ESPECIAL SOBRE DUNGA
"Aldeia", família e amigos explicam Dunga como ele é
Folha percorre caminho trilhado pelo técnico da seleção brasileira da infância em Ijuí à ascensão no Inter e encontra admiração, muita lealdade e até o boletim escolar
MARTÍN FERNANDEZ
ENVIADO ESPECIAL A IJUÍ E A PORTO ALEGRE
Dunga gosta de se referir ao Rio Grande do Sul como sua "aldeia". Há 11 meses, quando a seleção brasileira estava prestes a enfrentar o Peru em Porto Alegre, pelas eliminatórias, afirmou: "Por aquilo que conheço da minha aldeia, há uma cultura de, antes de tudo, acreditar nas coisas positivas".

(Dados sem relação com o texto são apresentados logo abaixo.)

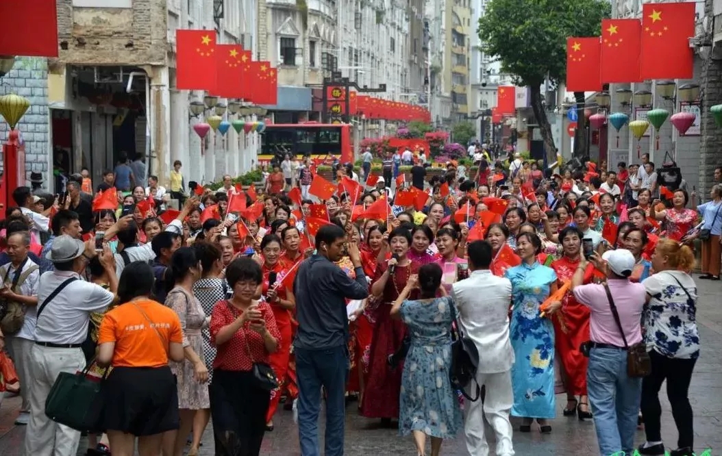 為慶祝新中國成立70周年,配合全球(中國)旗袍總會(huì )發(fā)起的“百城千街萬(wàn)人旗袍秀”暨“創(chuàng )吉尼斯世界紀錄活動(dòng)”,向全世界展示中華傳統文化和東方女性之美,梧州市旗袍協(xié)會(huì )、梧州市華服文化促進(jìn)會(huì )、梧州市老年開(kāi)放大學(xué)藝術(shù)團在梧州市婦聯(lián)的指導下,在廣西百裕集團的冠名支持下,于10月7日上午9時(shí)走進(jìn)騎樓城,開(kāi)展“百城千街萬(wàn)人旗袍秀”暨“創(chuàng )吉尼斯世界紀錄”梧州站展演活動(dòng)。

Depois de amanhã, o técnico fará o anúncio mais importante de sua carreira. Convocará os 23 jogadores que irão defender a seleção brasileira na Copa do Mundo da África do Sul, que começa daqui a 33 dias.
Será surpresa se Dunga atender aos pedidos para que chame Neymar e Paulo Henrique Ganso, jovens astros do Santos, ou até Ronaldinho, já menos cotado nas últimas semanas.
Enquanto boa parte do país está pessimista com as prováveis escolhas de Dunga, a aldeia dele pensa diferente. Foi o que a Folha percebeu ao passar uma semana no Rio Grande do Sul, para traçar os primeiros passos de Dunga no futebol.
Em Ijuí, há unanimidade entre amigos, ex-companheiros, ex-rivais: os meninos do Santos devem ver a Copa pela TV, aprender o quanto for possível de longe e trabalhar duro para disputar o Mundial de 2014.
Na cidade onde Dunga é nome de praça, não se admite a hipótese de que sejam cortados da Copa os jogadores que roeram o osso e correram pelo "professor", em benefício de outros que nunca provaram nada com a camisa amarela.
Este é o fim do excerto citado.